Work instructions -
Write the data out again exactly, with no pictures.

Dataset excerpt -
┄┄┄┄┄┄┄┄┄┄┄┄┄┄┄┄┄┄┄┄

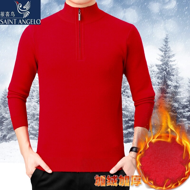 报喜鸟100%山羊绒衫男士冬季加绒加厚针织衫龙年本命年大红色毛衣
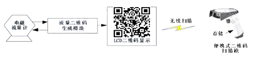 二維碼生成模塊定時(shí)向管道式電磁流量計(jì)發(fā)送采集指令,后者收到指令后發(fā)送流量數(shù)據(jù)。
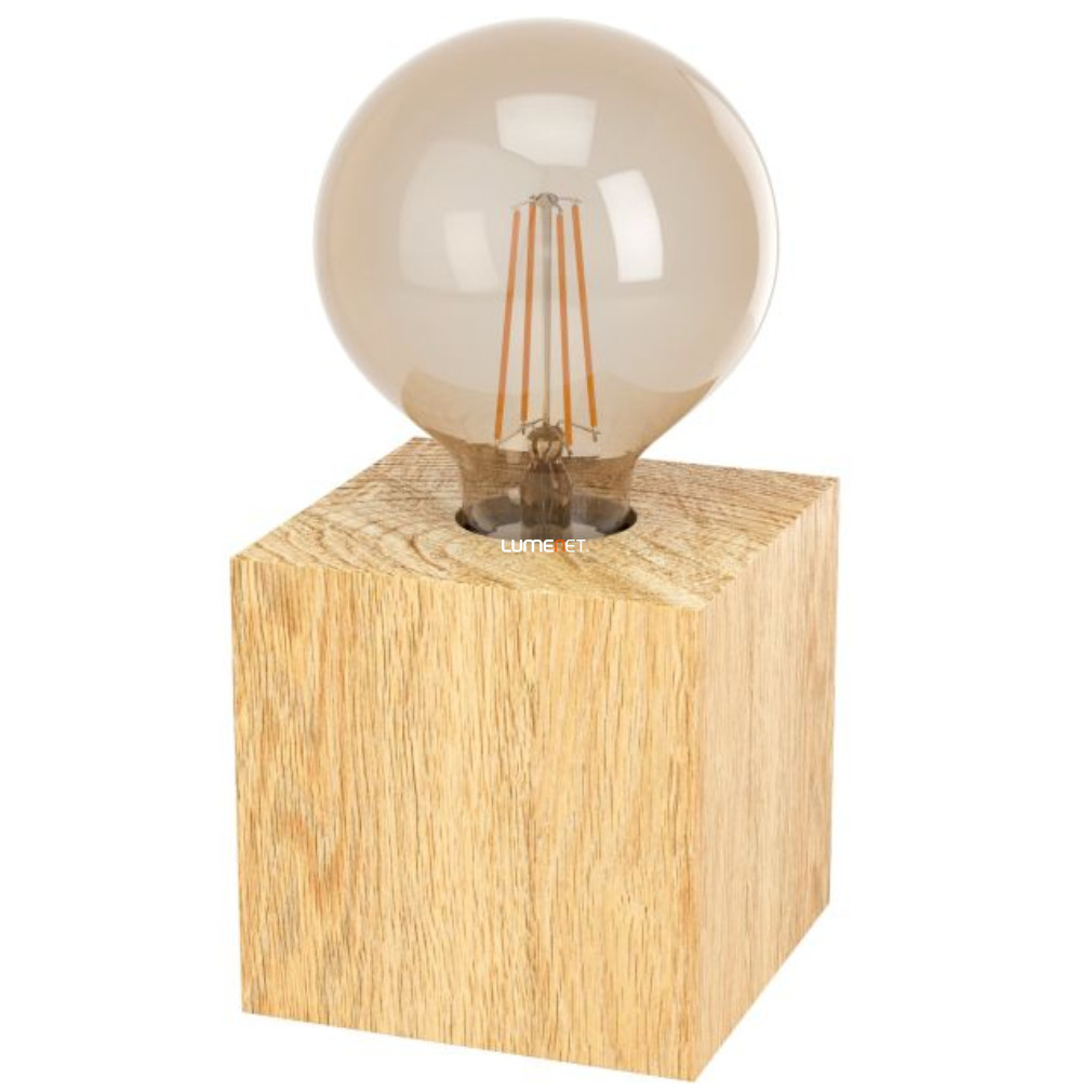 Asztali fa kocka lámpa, 9 cm - Prestwick 2 Eglo 43733, 1xE27 foglalattal

┄┄┄┄┄┄┄┄┄┄┄┄┄┄┄┄┄┄┄┄

Exercise answer -
 报喜鸟100%山羊绒衫男士冬季加绒加厚针织衫龙年本命年大红色毛衣
 二維碼生成模塊定時(shí)向管道式電磁流量計(jì)發(fā)送采集指令,后者收到指令后發(fā)送流量數(shù)據(jù)。
 Asztali fa kocka lámpa, 9 cm - Prestwick 2 Eglo 43733, 1xE27 foglalattal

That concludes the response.